はぁ、とため息をついて部屋に入ると、体育座りをしたヒロが膝に顔を埋めていた。
「ホンダ?」
「寂しかった」
「は?」
「嘘つき、友達いるじゃん」
「あー、うん」
「……久しぶりだね。まさかあんな何日も帰ってこないと思ってなかったよ」
「そーだな、友達きてたから喋れなかったしな」
「…ねぇ、俺の目みてよ」
「なんだよ」
「寂しかった。ってば。」
グレーのままのふたつまなこ、目の色が変わる気配はない。
「嘘つかねぇのかよ」
「キミには嘘ついてもバレちゃうんでしょ、この目の色で」
「そうだな」
「じゃあ俺はもう嘘つき失格だよ、どうしてくれんの」
「嘘つかなきゃいいじゃん」
「そしたらもう何もかもなくなっちゃった」
ぐぐぐっ、と眉がひそめられた。それでもそんなにヘラヘラすんのかよ。震えて見える唇が、無理に笑ってみせた。おいおい、どうしちゃったんだ。

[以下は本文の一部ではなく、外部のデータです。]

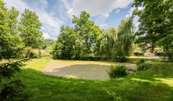 The three and a half hectare park with two ponds is adorned with mature chestnuts, lindens, maples, pines, yews, ash trees, birches, cedars, sycamores, willows, acacias, oaks, beeches, cedars, alders, boxwoods, rhododendrons, ginkgo biloba and zerav giant.

「俺、キミがずっと居てくれたから実感わかなかったんだよ。キミが俺を視て話してくれるから、俺がもう死んだ人間だって、どうしても思えなかった。」
嘘つきの目の色は変わらない。
「でもキミの友達が来てから、すごく痛いほどわかっちゃった。気づいてもらえないことが、こんなにキツイなんて」
「…」
「今日は俺を抱きしめて寝て」
「俺はお前にさわれねぇんだよ、なに言ってんだよ」
「抱きしめて、寝てよ」
あの日、こいつがこの部屋に鎖で繋がれた日から、今日でもう23日が過ぎた。あともう少しで消えてしまう。そんな奴に、どうして俺は
「…はやく、こっち来れば」
どうして俺は、愛してやりたいと思うんだ。